Probably a combination of the personal attack in https://news.ycombinator.com/item?id=16304324 and evidence that you've been abusing HN with other accounts. We tend to shadowban new accounts in that case because it's too tiring to engage with serial trolls. When the account has been around longer we tend to post openly that they're being banned and why.

Since you've posted mostly good comments since then, we'll unban you. But would you please use the site as intended—for intellectual curiosity and thoughtful conversation—and follow the rules at https://news.ycombinator.com/newsguidelines.html from now on?

I’ve always used it for sincere intellectual curiosity and thoughtful conversation. My posts across all my accounts are more representative of that more than bad faith trolling. You can trace through it yourself.

Saying Bryan Cantrell has a massive ego isn’t such a massive or unfounded personal attack if I back it up with well-known evidence. He has a known and decorated reputation in the hacker community for having a massive ego. I mean, really?

Having a contradictory or aggressive opinion doesn’t make you a troll if you’re willing to continuously engage in the discussion in good faith. Trolls minimally engage and don’t add. I put effort in my engagement and I try to add to the discussion.
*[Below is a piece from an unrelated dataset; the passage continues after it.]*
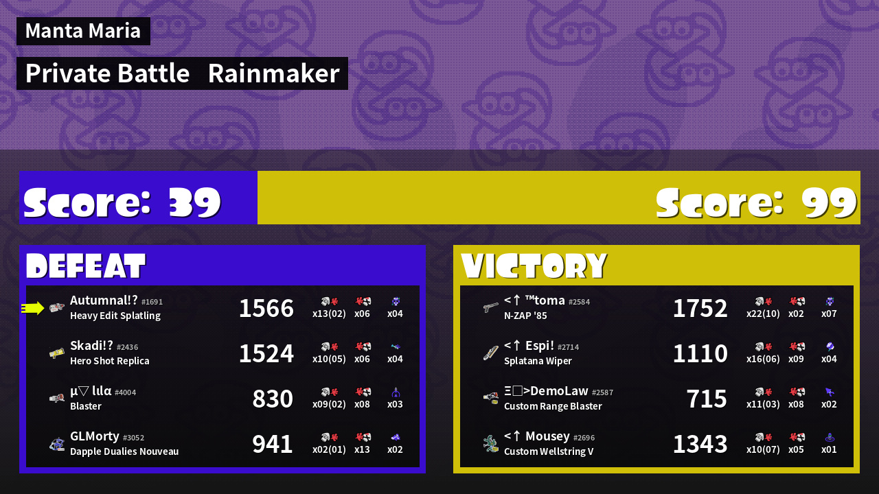 Kills / Deaths | 11 + 2 / 6 > Kill Ratio: 1.83 | ||

My treatment on hacker news has been unfair and I think your handling has been heavy-handed to the point of censorship. That being said, thank you for de-shadowbanning me. It shows you care.

Practice doesn't make perfect. Practice makes permanent. Perfect practice make perfect (there is no such thing).

Not perfect practice, but deliberate practice. For example, I practice sleight of hand (for card magic and cardistry). If I just practice, then whatever bad habits and mistakes I make, well I make them permanent. If, however, I, for example, video my practice sessions, watch them back and correct the mistakes I make, then I get better and my technique gets better. The point is to find out where you go wrong and correct for it.